◆ **What you have to do**: The result should hold only the lines from the one with "Sahile begonvil çiçekleriyle" through the final line of the data below, transcribed exactly, pictures left out.

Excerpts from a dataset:
*-*-*

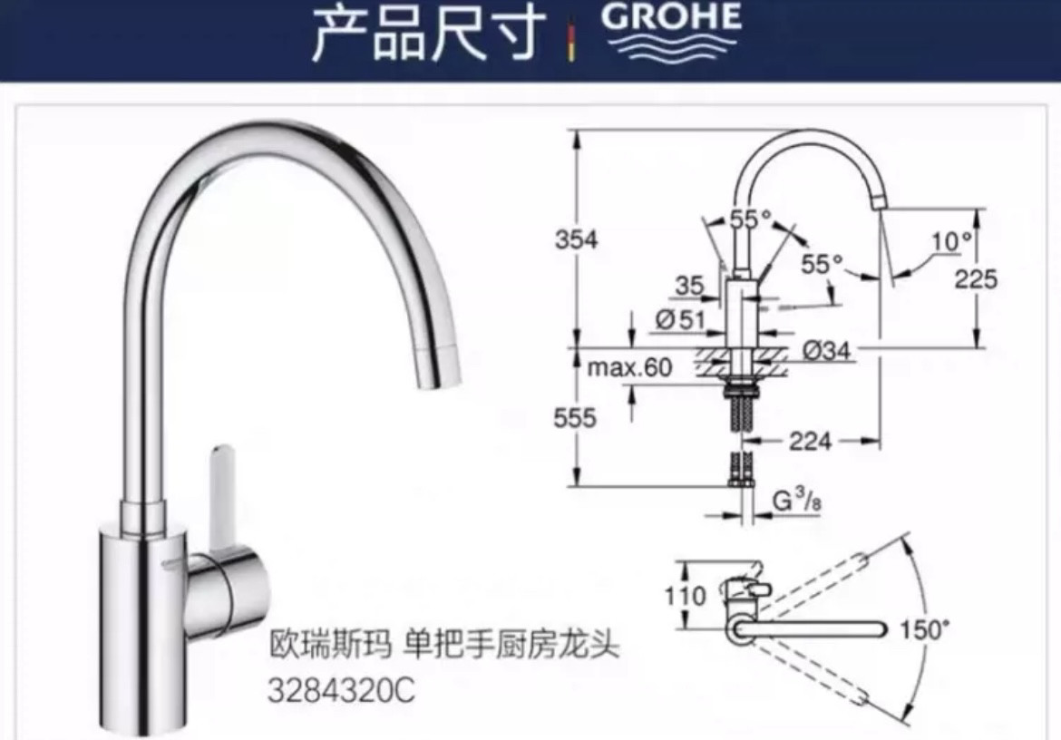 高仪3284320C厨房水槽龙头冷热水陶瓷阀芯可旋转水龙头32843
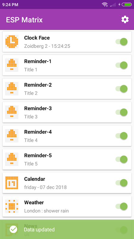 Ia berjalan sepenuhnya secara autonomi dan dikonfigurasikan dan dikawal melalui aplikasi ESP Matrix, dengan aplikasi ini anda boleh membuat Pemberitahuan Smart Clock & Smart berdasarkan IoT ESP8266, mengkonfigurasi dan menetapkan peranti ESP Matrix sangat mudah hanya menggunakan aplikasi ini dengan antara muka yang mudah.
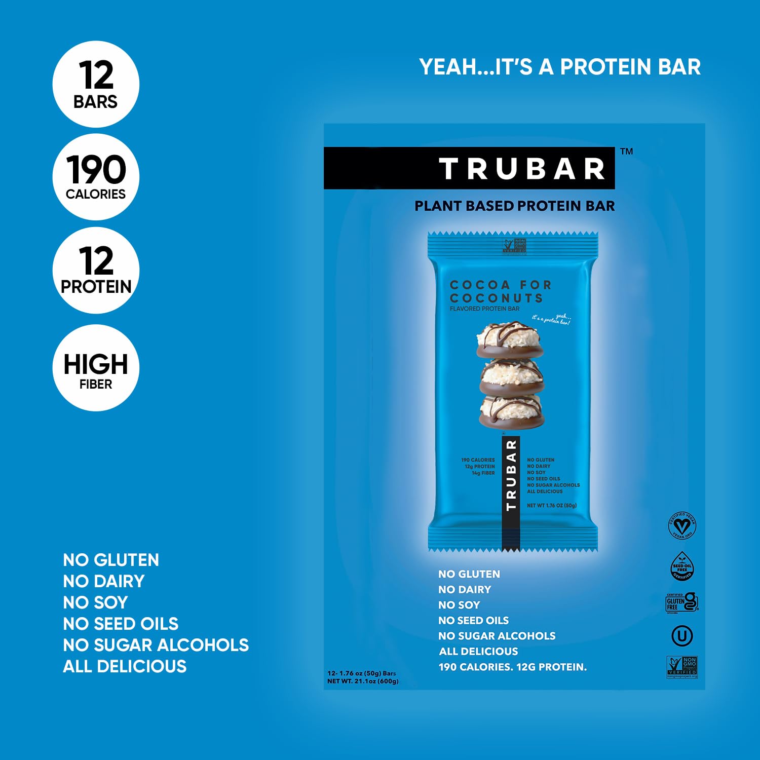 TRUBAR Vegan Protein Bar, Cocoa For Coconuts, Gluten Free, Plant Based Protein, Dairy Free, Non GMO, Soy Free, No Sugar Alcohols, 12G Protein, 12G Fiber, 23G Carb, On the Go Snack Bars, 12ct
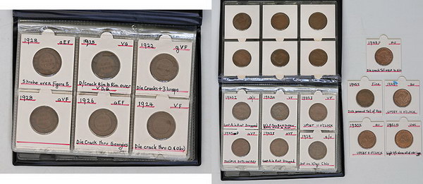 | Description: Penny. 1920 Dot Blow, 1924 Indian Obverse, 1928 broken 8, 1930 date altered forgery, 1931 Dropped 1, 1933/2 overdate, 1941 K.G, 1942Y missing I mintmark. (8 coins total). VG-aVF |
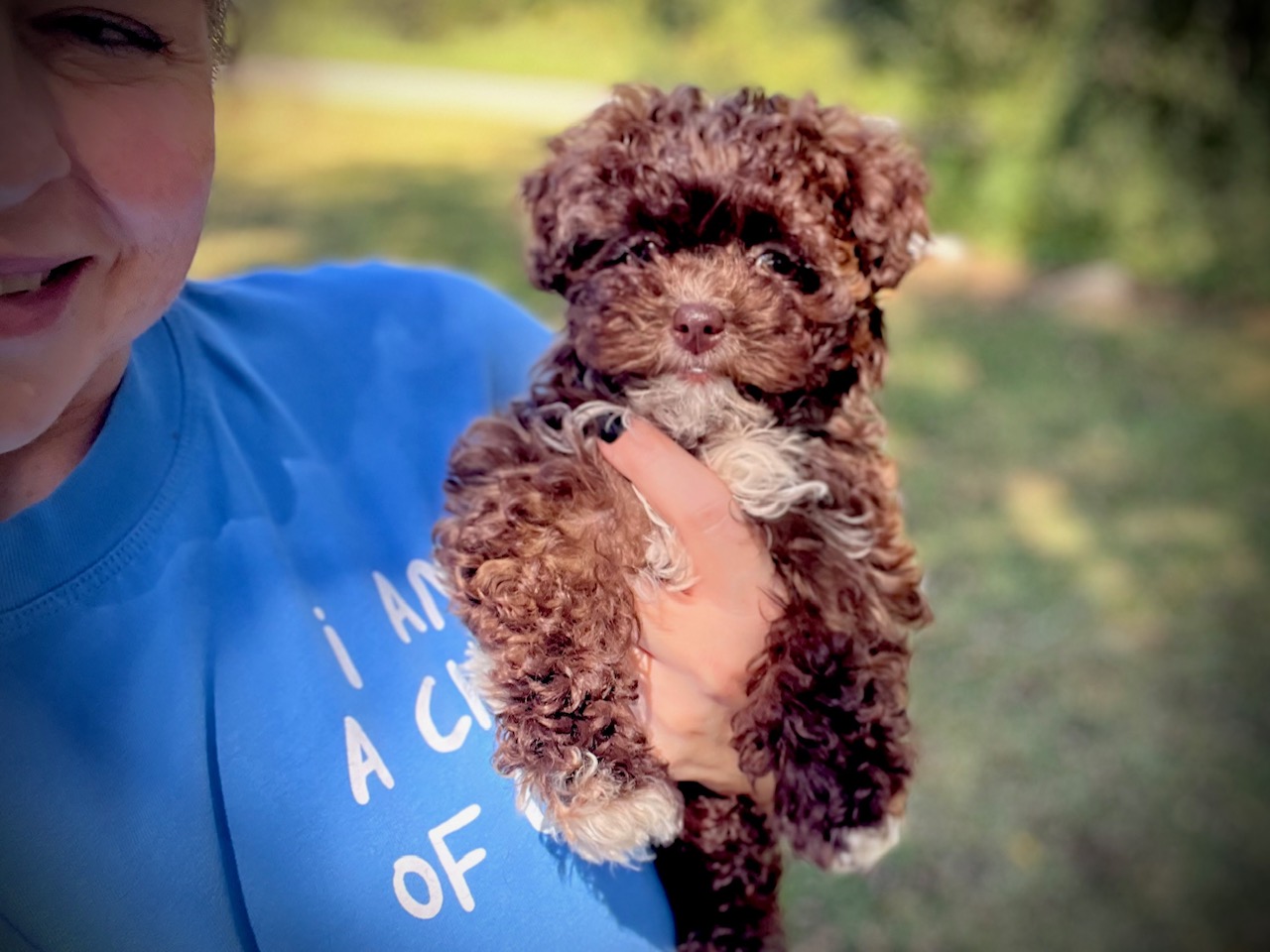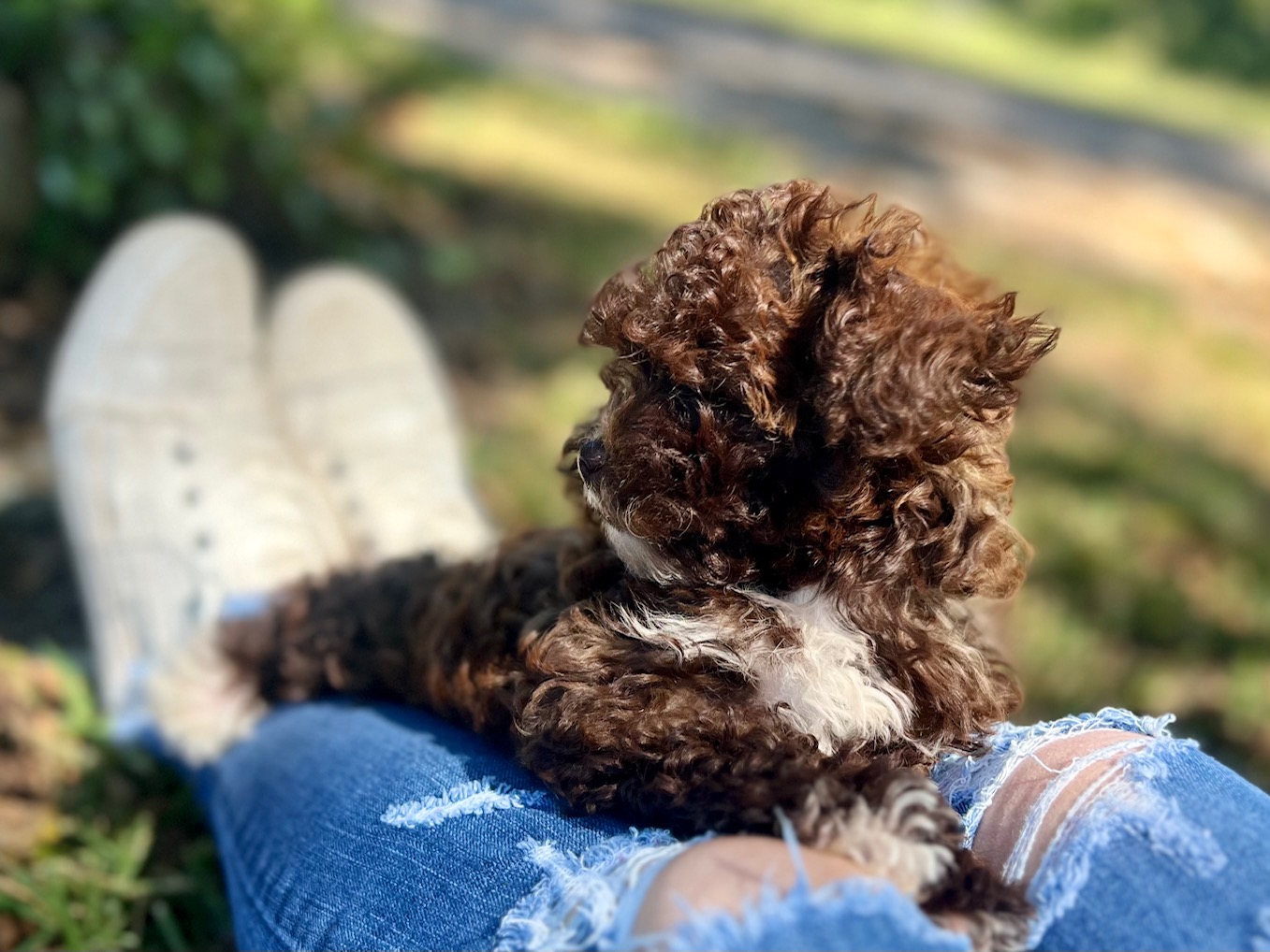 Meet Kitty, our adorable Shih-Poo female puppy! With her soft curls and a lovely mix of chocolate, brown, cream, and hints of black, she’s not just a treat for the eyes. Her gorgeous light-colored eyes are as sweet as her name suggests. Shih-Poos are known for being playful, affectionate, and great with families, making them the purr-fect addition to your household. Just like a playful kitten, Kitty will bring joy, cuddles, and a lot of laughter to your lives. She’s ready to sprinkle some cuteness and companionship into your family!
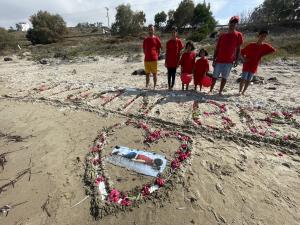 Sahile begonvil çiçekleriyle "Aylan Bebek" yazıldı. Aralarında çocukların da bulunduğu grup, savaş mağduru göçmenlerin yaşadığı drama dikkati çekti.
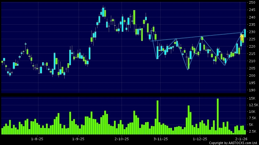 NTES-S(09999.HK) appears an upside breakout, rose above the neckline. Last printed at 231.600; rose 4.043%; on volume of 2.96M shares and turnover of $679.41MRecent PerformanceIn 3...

*-*-*

◆ **The completed task**:
 Sahile begonvil çiçekleriyle "Aylan Bebek" yazıldı. Aralarında çocukların da bulunduğu grup, savaş mağduru göçmenlerin yaşadığı drama dikkati çekti.
 NTES-S(09999.HK) appears an upside breakout, rose above the neckline. Last printed at 231.600; rose 4.043%; on volume of 2.96M shares and turnover of $679.41MRecent PerformanceIn 3...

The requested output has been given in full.